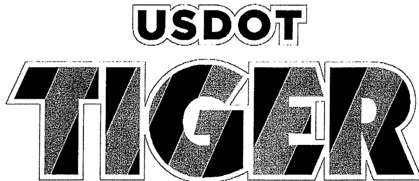
USDOT TIGER Vector-Based, Vinyl-Ready Pictograph

COLORS: OUTLINE -- WHITE (RETROREFLECTIVE) USDOT LEGEND -- BLACK TIGER DIAGONALS -- BLACK, ORANGE (RETROREFLECTIVE)
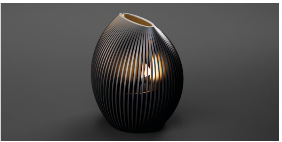
Alux's surface and details obtained with resin DL380 and produced in XPRO Q 3D printer.
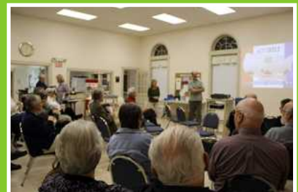
A September screening of A Place At The Table.
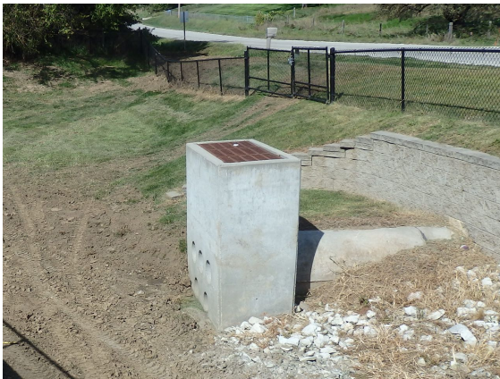
North Pond Discharge Structure

Maintenance of the ponds requires that if the minimum volume is compromised due to excessive sediment buildup, the bottom of the pond must be excavated to regain the required volume.
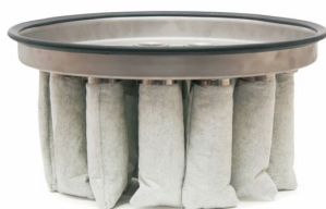
Filter Tubes Assembly for MRPFT models - Included
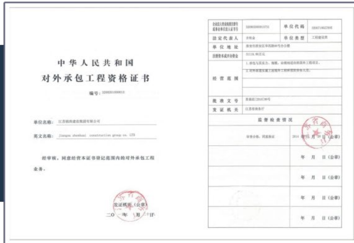
Foreign Projects Contracting Qualification Certificate of the People's Republic of China
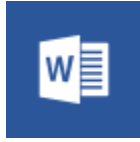
Word (Online only)
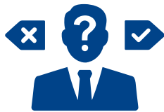
Ethical decision making
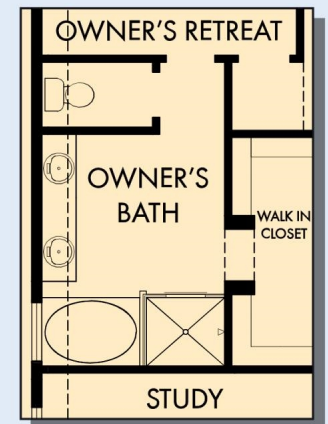
OPTIONAL SLIDE IN TUB WITH SEPARATE SHOWER AT OWNER'S BATH
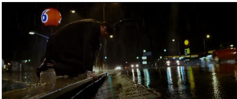
Picture 12 Constantine has severe cough because he suffered terminally lung disease (00:27:57)

Steadfastness is suffering without complaining (Farley, 2011, p. 10). A hero should be steadfast to fasten his life that is full of struggle.
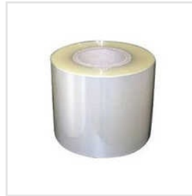
Transparent Packing Roll
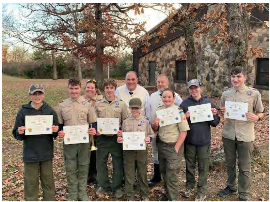
Figure 6 Scout Participants receiving their Flag Retirement Certificates.

This also gives the chapter the opportunity to present flag retirement certificates to any Scout who participates in the ceremony. A flag retirement certificate is a suitable and meaningful recognition of the individual's participation and a testament to their patriotism for them to proudly display. Flag Certificates can also be presented to any Scout unit present that displays their American Flag in a proper manner.
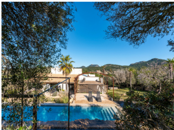
View to the pool and terrace
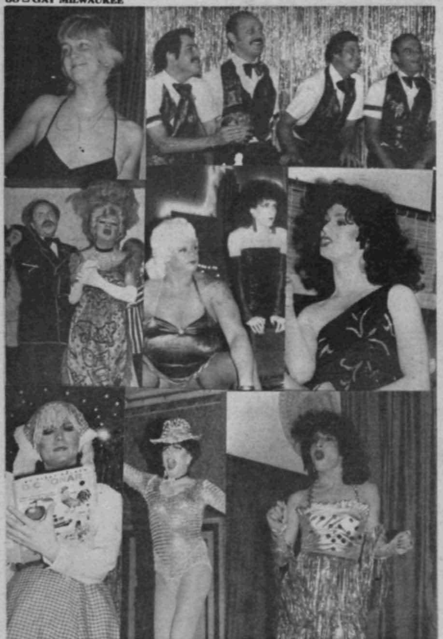
Milwaukee is known for lots of outstanding entertainers and we want to share with you a look back at some of those great moments.
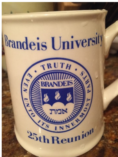
25 year reunion cup...obtained 25 years ago while at Brandeis

I never took any American Studies classes which I heard everybody loved
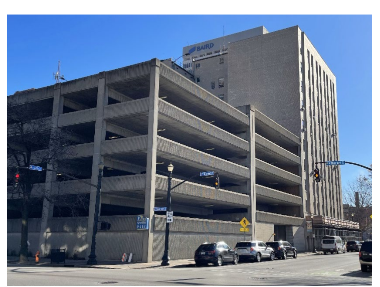
Looking towards building from corner of W. Market & Sixth St.
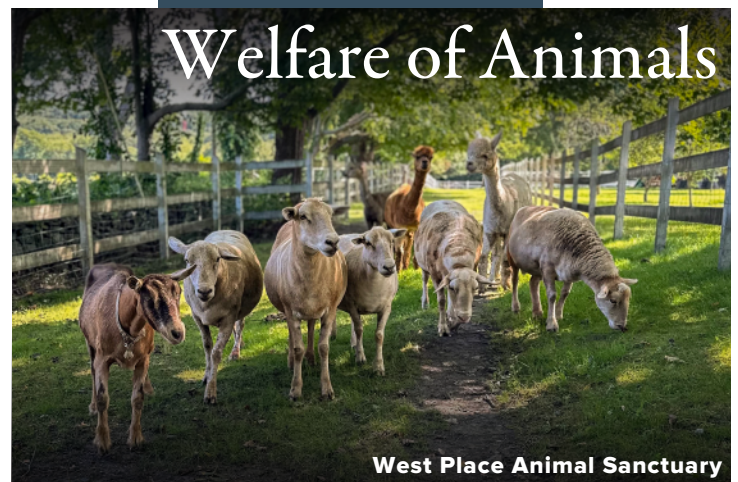
Welfare of Animals
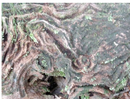
The Green Man at Straddie
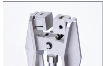
Grip face along with specimen surface
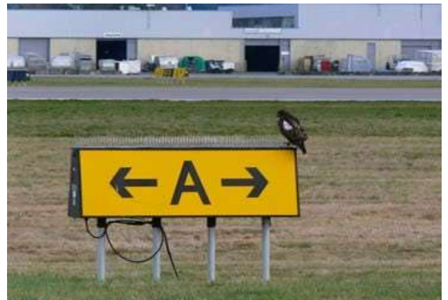
Figure 7 Deterrent Spikes don't keep all birds off of signs.

5.11.1 The classic challenge for wildlife hazard management is that most animals will become accustomed to certain dispersal interventions or find new ways to settle themselves safely in the airport environment. Therefore, it is vital for airport operators to continuously adjust and vary the measures taken. An airport should proactively seek different or new ways to reduce the wildlife hazard.
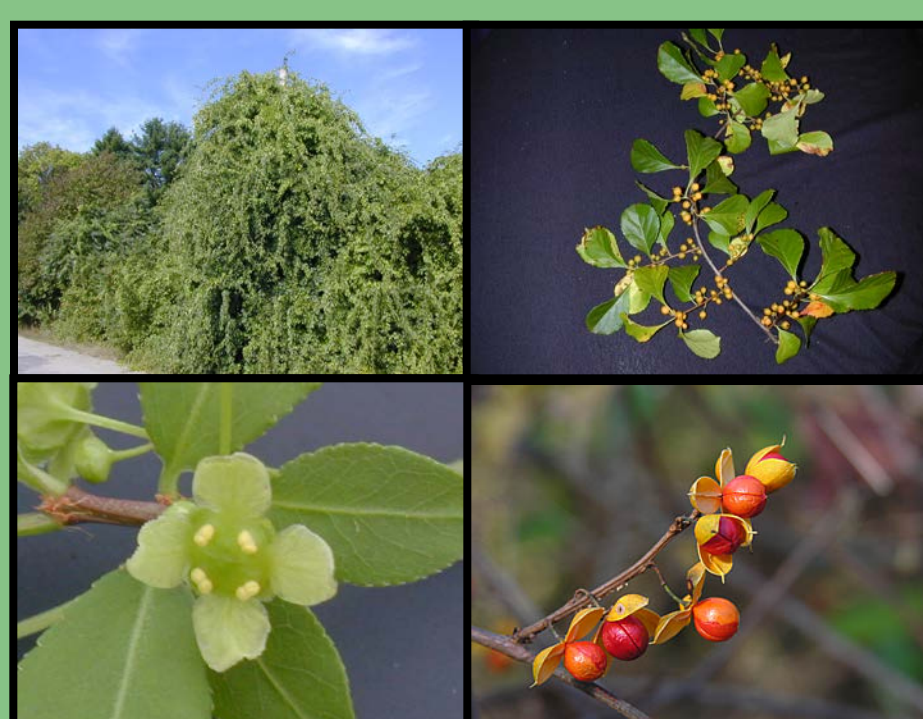
Oriental bittersweet ( Celastrus orbiculatus )
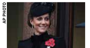
United Kingdom King Charles III led Remembrance Sunday commemorations honoring fallen soldiers, marking his return to official duties after recovering from cancer. The event saw thousands gather for the two-minute silence as the royal family and military leaders participated in remembrance rituals.
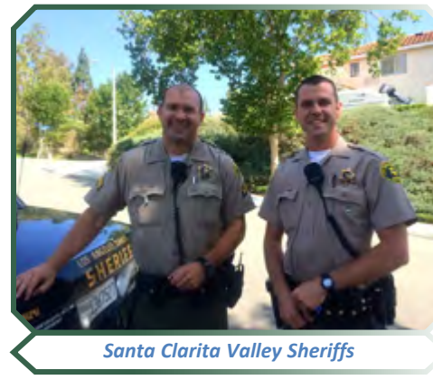
Santa Clarita Valley Sheriffs
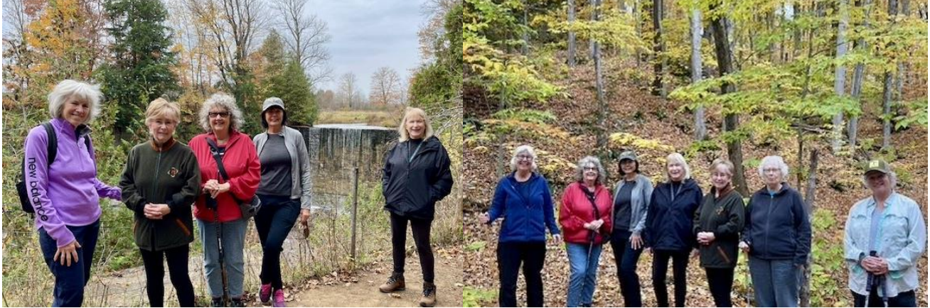
Healthy Lifestyles walkers at Indian River Falls

For the past couple of months our walking/hiking group has been able to revisit some of our favourite trail walks... Shallow Lake, trails off 26th St. West, Superior St., Harrison Park, and Grey Sauble Conservation Area.
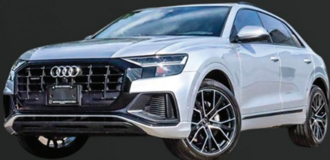
2021 Audi Q8 55 Progressive
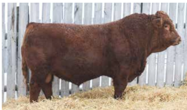
SIRE TO LOT 15 SUNVILLE COMMANDER 17H
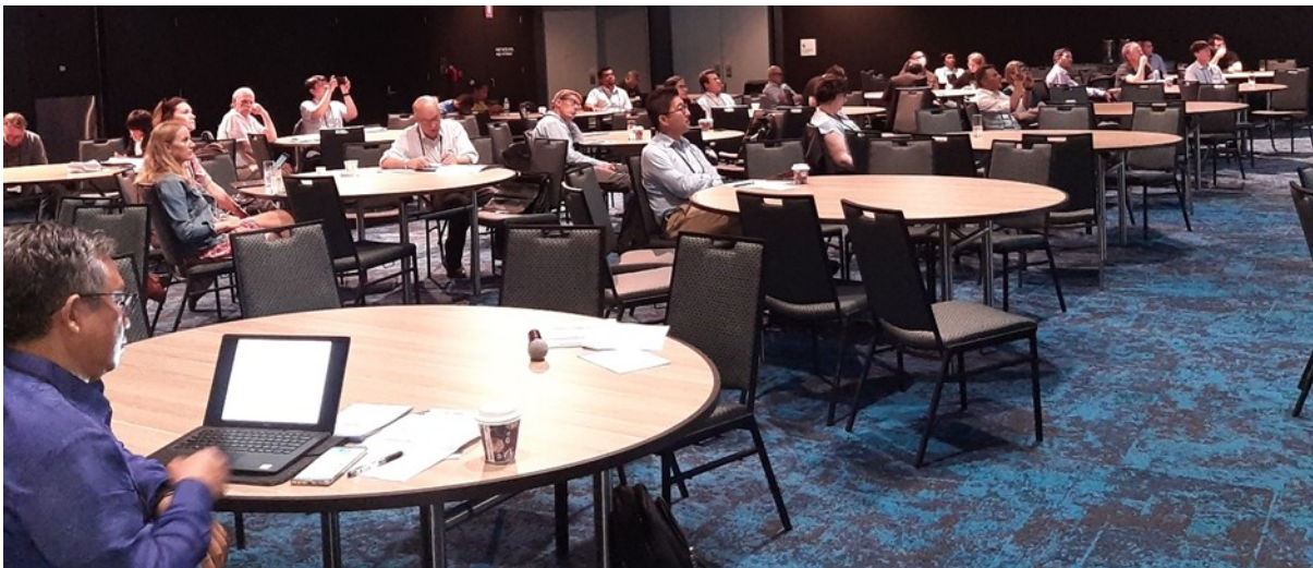
A view of audience in teak partner event

The 5- day conference concluded with an optional post-conference tour on Friday, 9 th June to ride on the Skyrail to the Kuranda, flying above the world’s oldest tropical rainforest, and to the Walkamin Research Station, to see first-hand 20 years of research trials. The IUFRO All Division 5 conference was attended by over 300 participants from 26 countries.
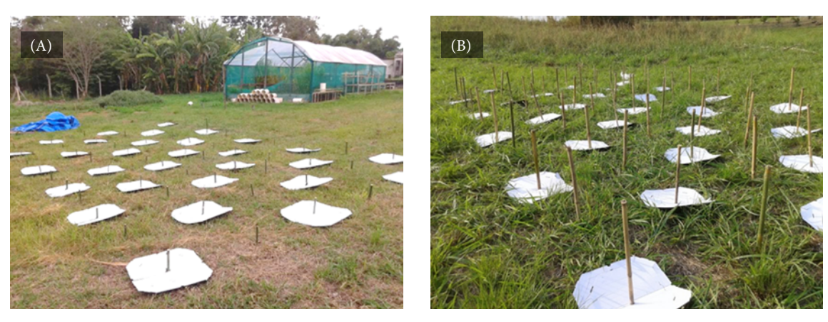
Figure 1. General views of the experimental sites with Urochloa humidicola (A) and Megathyrsus maximus (B). Bamboo poles were used to simulate seedlings in the field.

The data obtained at each site were analyzed independently. The dry biomass data were analyzed on each collection date using the t test at a 5% significance level to compare the two treatments.
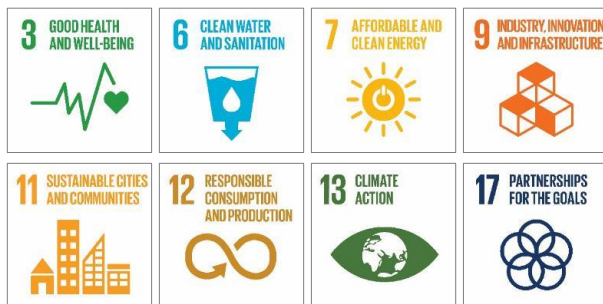
Goals associated with ICMA categories

Noval Property’s operations in relation to SDG Goal 7 “Affordable and clean energy,” Goal 9 “Industry, innovation and infrastructure,” Goal 11 “Sustainable cities and communities” and Goal 12 “Responsible consumption and production” presents the largest positive impact. Through the corporate positive impact on the aforementioned goals, Noval Property’s operations also contribute to Goal 13, “Climate Action”.
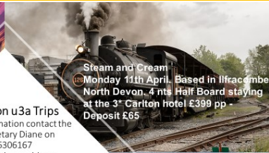
Steam and Cream Monday 11th April. Based in Ilfracombe North Devon. 4 nts Half Board staying at the 3 rd Carlton hotel £399 pp - Deposit £65
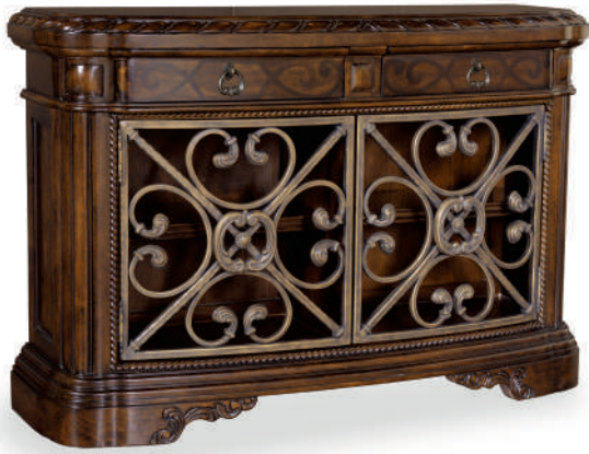
CONSOLE TABLE 209307-2304 52 \frac{1}{2} "W x 16"D x 34 \frac{5}{8} "H
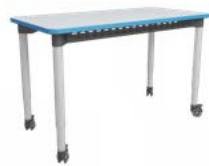
Multi-Purpose Table - MDT10 with Casters

3D Printer Cart shown with an optional pegboard.
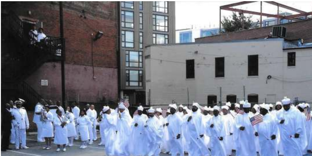
Cross Choir and Band Gathering to March
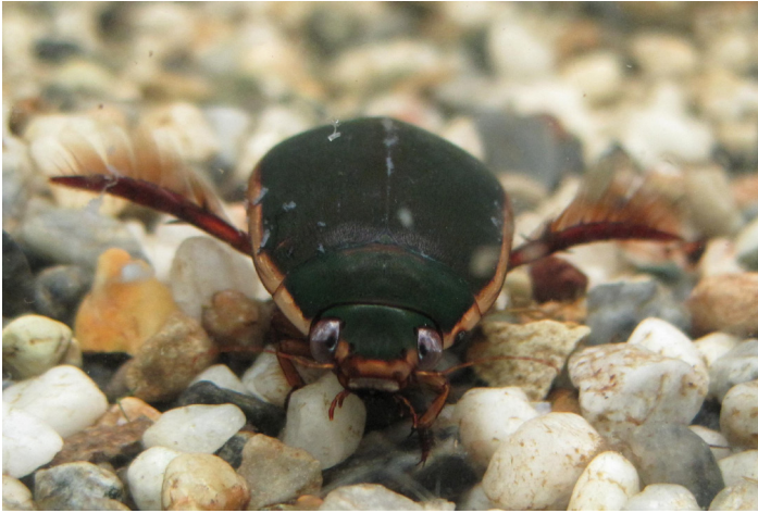
Figure 4. The giant diving beetle, Cybister fimbrolatus .

water bodies without fish, including roadside puddles and cattle tanks. Each beetle can live for several years. They are scavengers, and love earthworms, small pieces of meat, and dead insects. Sometimes they can catch a snail or another living aquatic creature. They are not very good at catching fish, but may succeed at night, so we do not recommend keeping beetles and fish in the same tank.
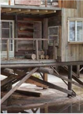
Ken Lum from shangri-la to shangri-la , 2010 (detail) site-specific installation Photo: Trevor Mills and Rachel Topham [LUM-01]

* Exercise aim *
What to print is the stretch of entries from the line with "The 5- day conference" up to and including the line with "Goals associated with ICMA categories". Please print it exactly and leave out the pictures.

* Reply *
The 5- day conference concluded with an optional post-conference tour on Friday, 9 th June to ride on the Skyrail to the Kuranda, flying above the world’s oldest tropical rainforest, and to the Walkamin Research Station, to see first-hand 20 years of research trials. The IUFRO All Division 5 conference was attended by over 300 participants from 26 countries.
Figure 1. General views of the experimental sites with Urochloa humidicola (A) and Megathyrsus maximus (B). Bamboo poles were used to simulate seedlings in the field.

The data obtained at each site were analyzed independently. The dry biomass data were analyzed on each collection date using the t test at a 5% significance level to compare the two treatments.
Goals associated with ICMA categories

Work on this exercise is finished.